Depth In The Logical Rendering Pipeline
Graphics APIs such as D3D, Vulkan, and GL are specified in terms of what’s called a logical pipeline for rendering. This pipeline is intentionally abstract and not strictly tied to a specific hardware implementation, and instead dictates the behavior that the programmer can expect to see when the draw a triangle. This necessarily gives IHVs and drivers a lot of latitude to structure their hardware in different ways, as well as to change their implemention over generations of hardware. For example, the D3D logical pipeline looks like this:
This pipeline hasn’t fundamentally changed for D3D12 (aside from the addition of mesh shaders) and is very similar in GL/Vulkan, albeit with different terminology. In all cases the actual depth buffer operations are specified to happen at the very end of this logical pipeline after the pixel/fragment shader has run. D3D calls this stage the Output-Merger or OM for short, and it’s the logical stage where writes/blending to render target occurs and also where depth/stencil operations logically occur. While it might seem weird that depth operations are the end if you’re looking at things from a modern viewpoint, if you apply a historical context it really makes sense:
- The main purpose of depth/stencil operations is to control whether anything gets written to the render targets, so it makes sense that it would be in the same logical stage where write/blend operations occur
- The pixel shader can do certain operations, such as discard/alpha test, that also affect depth operations
- The earliest GPUs with hardware depth buffers performed depth operations at the end, since it was originally a visibility algorithm and not so much an optimization
The important bit here is that this “logical” structure fits what you see in your results, regardless of how the GPU actually produced them. The GPU might have had an explicit binning phase, or may have combined your VS + HS + DS all in to one hardware shader stage, but either way you see that depth testing has produced the render target and depth buffer values that you would expect.
Looking through the lens of the logical pipeline, it should also be apparent why writes to UAVs/storage buffers/storage textures from a pixel/fragment shader are unaffected by the depth test by default. After all, depth operations come after the pixel shader and so there’s no reason to expect otherwise. In practice things are of course more complex when it comes to UAVs, but more on that later.

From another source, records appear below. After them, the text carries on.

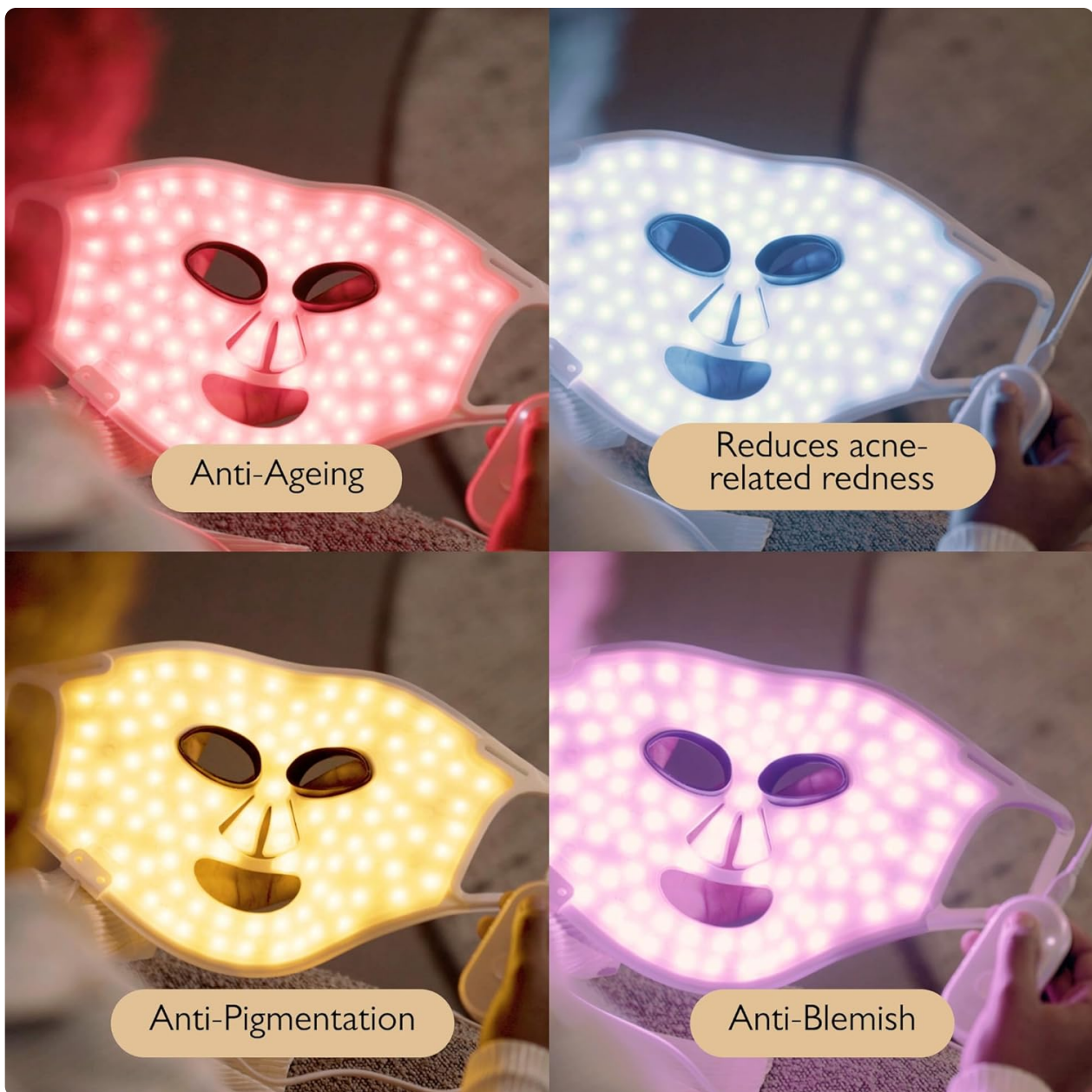
Image 4.1: Visual representation of the different LED light colors and their targeted skin benefits.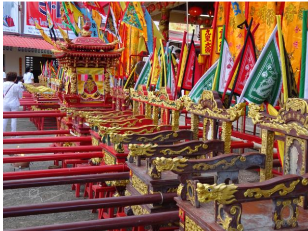
Figure A9. Rows of sedan chairs are on either side of the palanquin of Kiu Ong.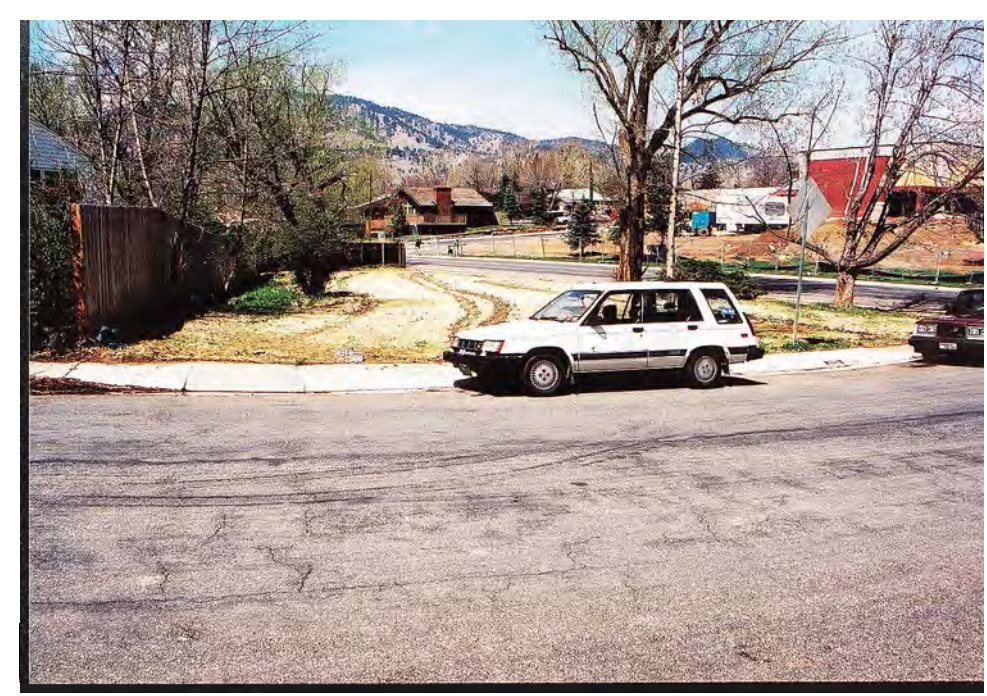
Photograph 7. After planting additional flower seed and hawthorn. April 16, 2000.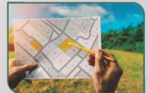
Each Plot Demarcation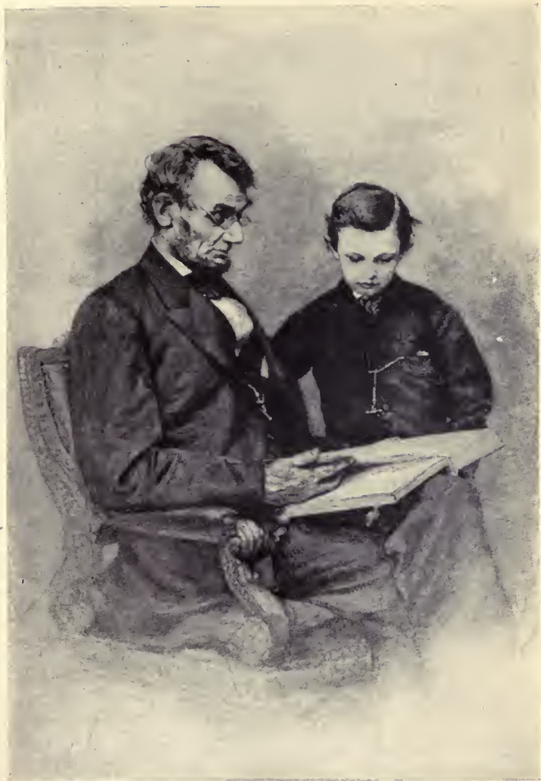
Lincoln and Tad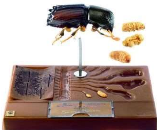
Article no:SOM-Z05-47/6 Bark Beetle - Development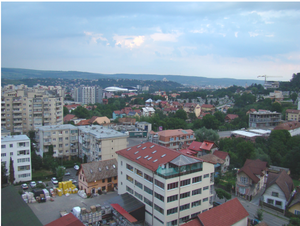
Fig. 19. Urban chaos in Cluj-Napoca, Romania (2013).

buildings are inserted, dominated by firmitas dimension with role of figuration (e.g. banks or corporate headquarters), in clear dissonance with the rest of the buildings, eventually affecting the historical townscape. However, more damaging than the physiognomy of cities is when the functional zoning and urban regulations make no clear distinction between sites designed for the implementation and development of architectural patterns, a situation leading to the emergence of an urban amalgam generically called urban chaos by Pierre von Meiss (2012) [12, p.61] (see fig. 19).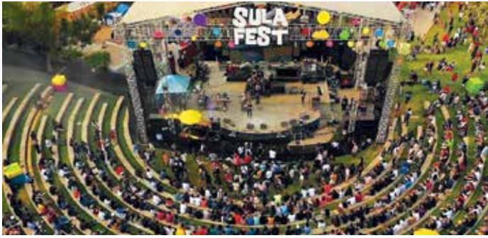
Sula Fest, Nasik

promote inter-tribal interaction and to celebrate the culture and tradition of Nagaland. The week-long festival brings together various tribes in Nagaland. To someone from outside, this festival is to know more about the food, music, dance forms and customs of Nagaland.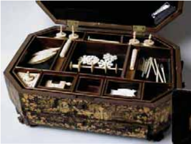
249. CHINESE EXPORT LACQUER SEWING BOX, circa 1830, hinged top exposing carved bone fittings and compartment, removable tray, lower drawer and side handles. Height 6 ½ in. Width 13 ½ in. Depth 9 ¾ in.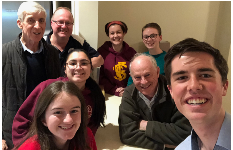
Meet the residents of Marist House Fitzroy on pages 2 and 3.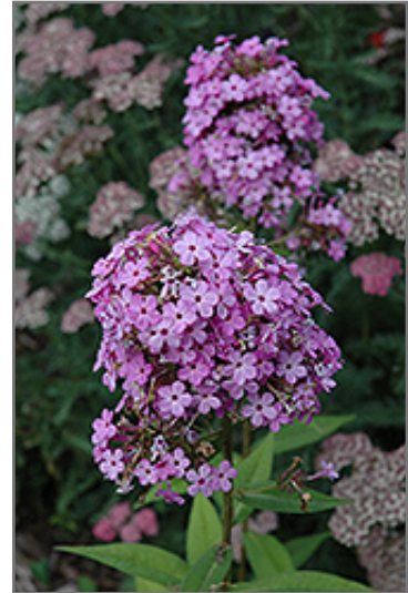
Jeana Garden Phlox flowers

Jeana Garden Phlox is recommended for the following landscape applications;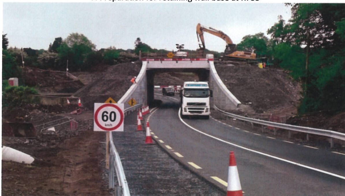
8. N25 temporary diversion route via Ballymacar realignment & Underbridge - view Eastbound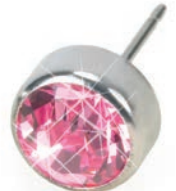
Bezel, Light Rose 6mm 8006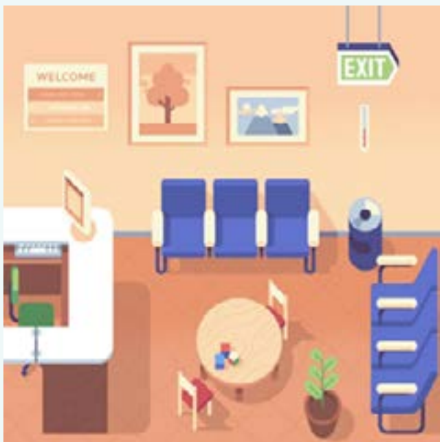
Room 1 Non-trauma-informed space

Room 2 Trauma-informed space: Has clearly marked exit sign, light painted walls, children's table and plants.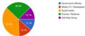
Q8. How did you come to know about the Mukhyamantri Majhi Ladki Bahin Yojana? Question type: Multiple Choice 99 responses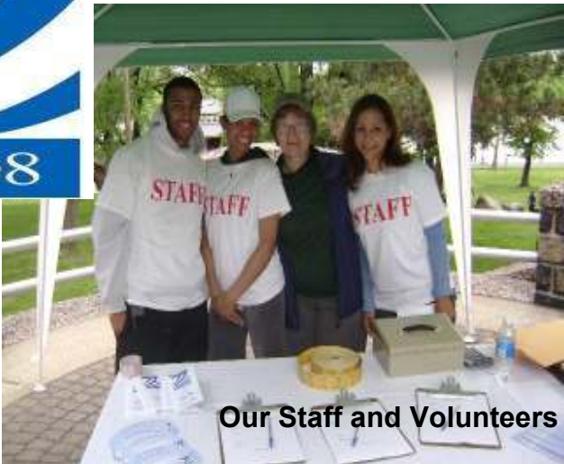
Our Staff and Volunteers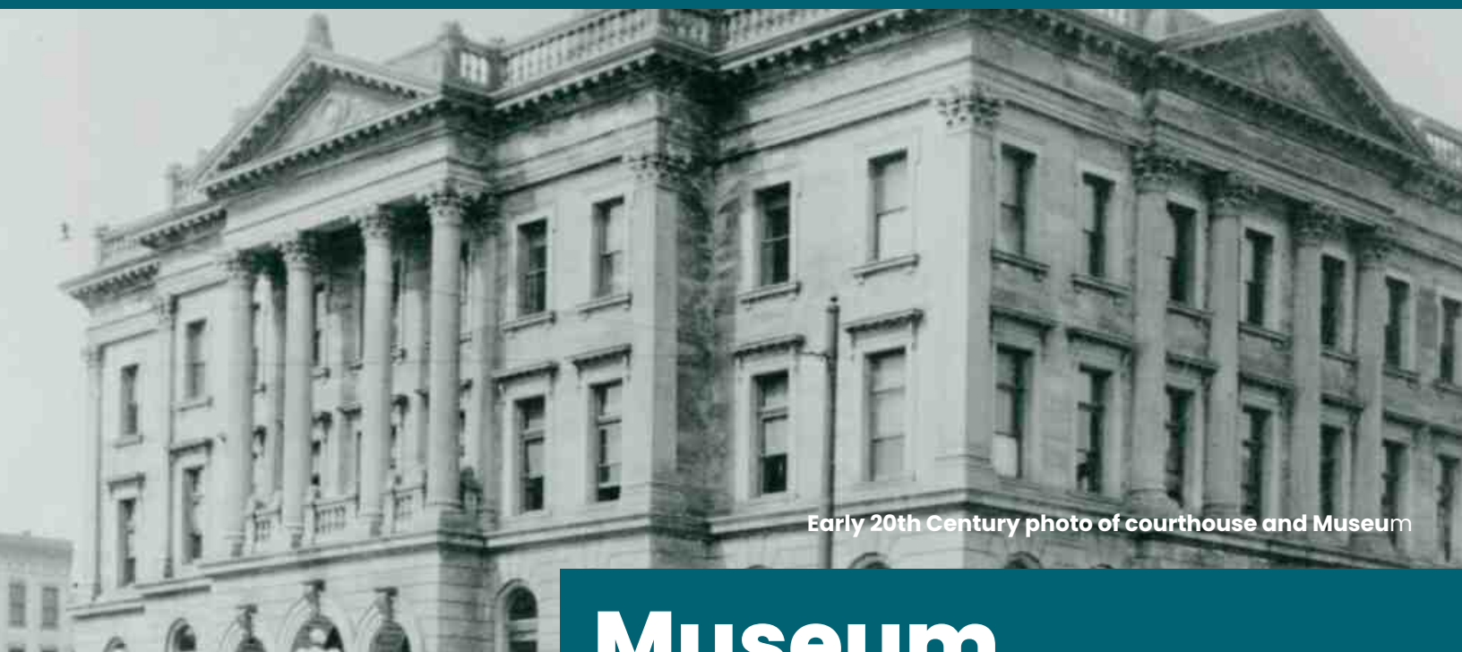
Early 20th Century photo of courthouse and Museum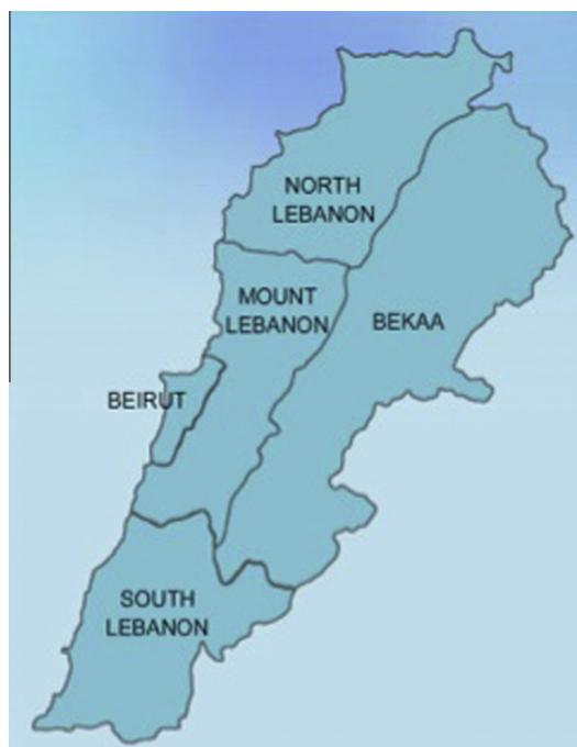
Fig. 2B Map of Lebanon showing various geographic regions.

Where Does Early-Z Fit In?
Ok, so obviously we know that the logical pipeline does not tell the full story here since you’re reading an article about Early-Z. So how does it work, if the pipeline says depth operations happen at the very end? The answer is that drivers have enough wiggle room to be “sneaky” and silently move depth operations up before the pixel shader actually runs so that it can cull the pixel shader entirely:
Basically the driver will look at the current pixel shader and render states, and make a call as to whether it would be safe to cull pixel shader executions and still produce the same observable results that the logical pipeline dictates. If we’re talking about bog-standard opaque rendering that only writes to a render target this actually really simple: culling the pixel shader is fine since the only observable output is the render target writes, and so there’s no visible difference between culling the render target write and culling the entire pixel shader before it even runs. This works even if depth writes are enabled: the early Z operations can test the existing Z buffer value first and commit the Z write if the test passes, while also allowing the pixel shader to run. Later on if some other pixel/fragment ends up having a depth that also passes the depth test due to being closer, that’s fine since the render target results will just get overwritten. In that regard the order of the drawn triangles doesn’t matter, you get the same result either way in the end. There’s of course a performance difference from the ordering: with depth writes enabled you ideally want to order triangles from closer to further so that you have fewer “wasted” pixel shader threads that ultimately don’t contribute. Or alternatively you can use the popular approach of a depth-only prepass, which effectively guarantees that the depth buffer is pre-seeded with the closest depth and thus the pixel shader will (mostly) only run for those visible pixels. Either way, it’s pretty clever that hardware and drivers can do this sort of thing to improve performance while still conforming to the logical pipeline!
Let’s try a simple test case in our test app to verify this. For this test case and others shared here, I’ll be running them on my AMD RX 7900 XT. First, let’s draw two triangles in back-to-front order with the red triangle being further from the camera:
You can see that in this case we end up with 648000 pixel shader invocations for these triangles. Let’s now reverse the draw order so that we draw with the more optimal front-to-back ordering:
This time we only shaded 440640 pixels, which is substantially fewer! This is Early-Z in action, working the way we would expect.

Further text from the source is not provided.